Burial is the earliest, longest-spreading, most widely used, involving the largest number of ethnic groups and the most common funeral folk custom in China.

2. Cremation

Occurrence time: Neolithic Age, 7000 ~ 8000 years ago, epidemic area: northwest of China.

3. Hanging coffin burial

Concept: An ancient burial custom of placing coffins on cliffs, which was popular in southern China in ancient times. Name: cliff burial, rock burial, immortal burial, box rock and hanging rock.

4. Tree burial

Tree burial is a very old burial method. Its main form is to put the deceased in a tree in the mountains or in the wild and let it weather. Later, some slightly improved methods were to put the late Chen Fang on a special scaffold.

5. Celestial burial

Celestial burial is a traditional way of funeral for ethnic minorities such as Mongolia and Tibet. After death, people take their bodies to designated places for eagles (or other birds and animals) to swallow, thinking that they can take them to heaven. Like burial, water burial and cremation, it is a kind of belief, a way to express the dead, and its essence is a social and cultural phenomenon. Its origin, form, content and the implementation of the ceremony are all influenced by natural geographical environment, business methods, foreign culture and other factors.

6. cliff burial

Cliff burial, also known as hanging coffin burial, is a special burial custom of Puyue people who lived widely in the south of China in ancient times, and is regarded as a great miracle in the history of world globalization. The burial method is to hang the coffin on the mouth wall by using natural stone crevices or artificial wooden stakes, or put the coffin into natural or artificial caves. The burial place for hanging coffins was chosen on the cliff and high rock near the river. Most of the burial tools are boat coffins, which are 2-3 meters long and about half a meter wide.
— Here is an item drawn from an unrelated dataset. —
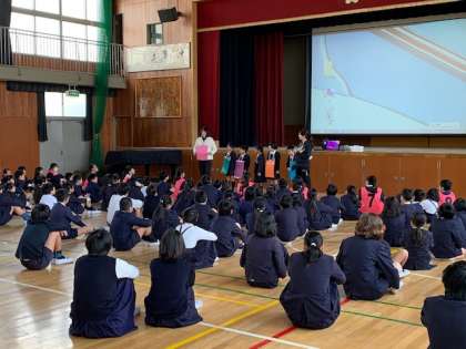 今日は可愛いゲスト・ティーチャーが来てくれました。2年生の児童が「チャン・ブルー」「チャン・ブラウン」「チャン・パープル」「チャン・グリーン」「チャン・オレンジ」に扮して、「イングリッシュソング」の音楽に乗せながら、元気に歌ったり、手を叩いたりしました。
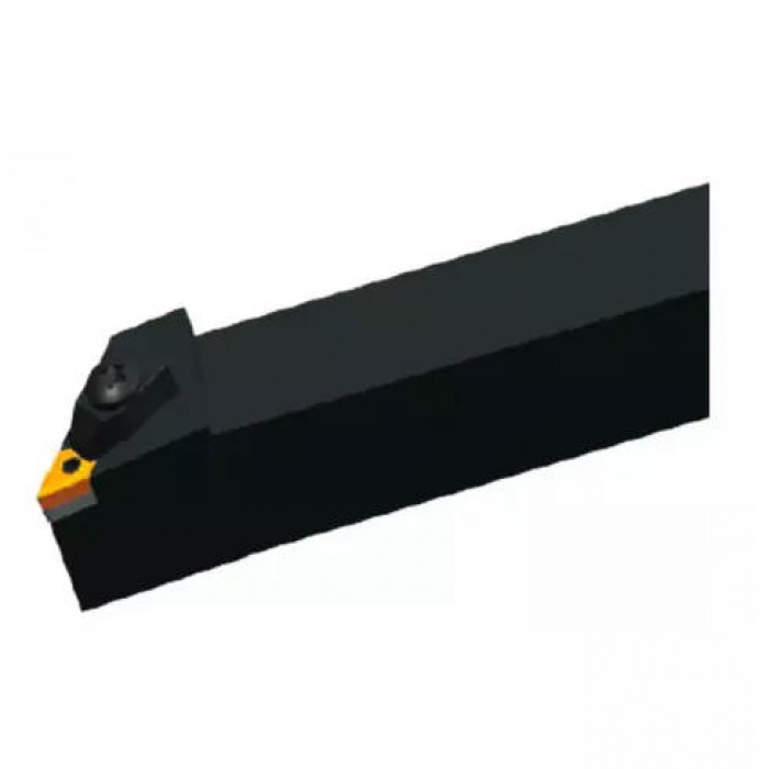 Резец токарный для наружного точения по металлу со сменными пластинами. Державка токарная с креплением типа M (прижим клин-прихватом сверху). Для продольного точения и подрезки торца.

Shaped like a ship, it is divided into three parts: head and tail, and the warehouse is the coffin pivot for placing the body.

7. Second burial

The second burial is the second or more disposal of the body after burial, cremation and wind burial. The Han and Zhuang nationalities in Taiwan Province, Fujian, Guangdong, Guangxi and other places in the south of China have been popular since ancient times.

8. Modern funeral customs

After liberation, in order to save land and prevent the spread of diseases, the state stipulated that all people except some ethnic minorities should be cremated. After death, people were sent to funeral homes for parking, and the bodies were frozen and preserved naked. In order to prolong the preservation time, the undertaker will make a hole in the foot of the deceased to let all the blood of the deceased flow away.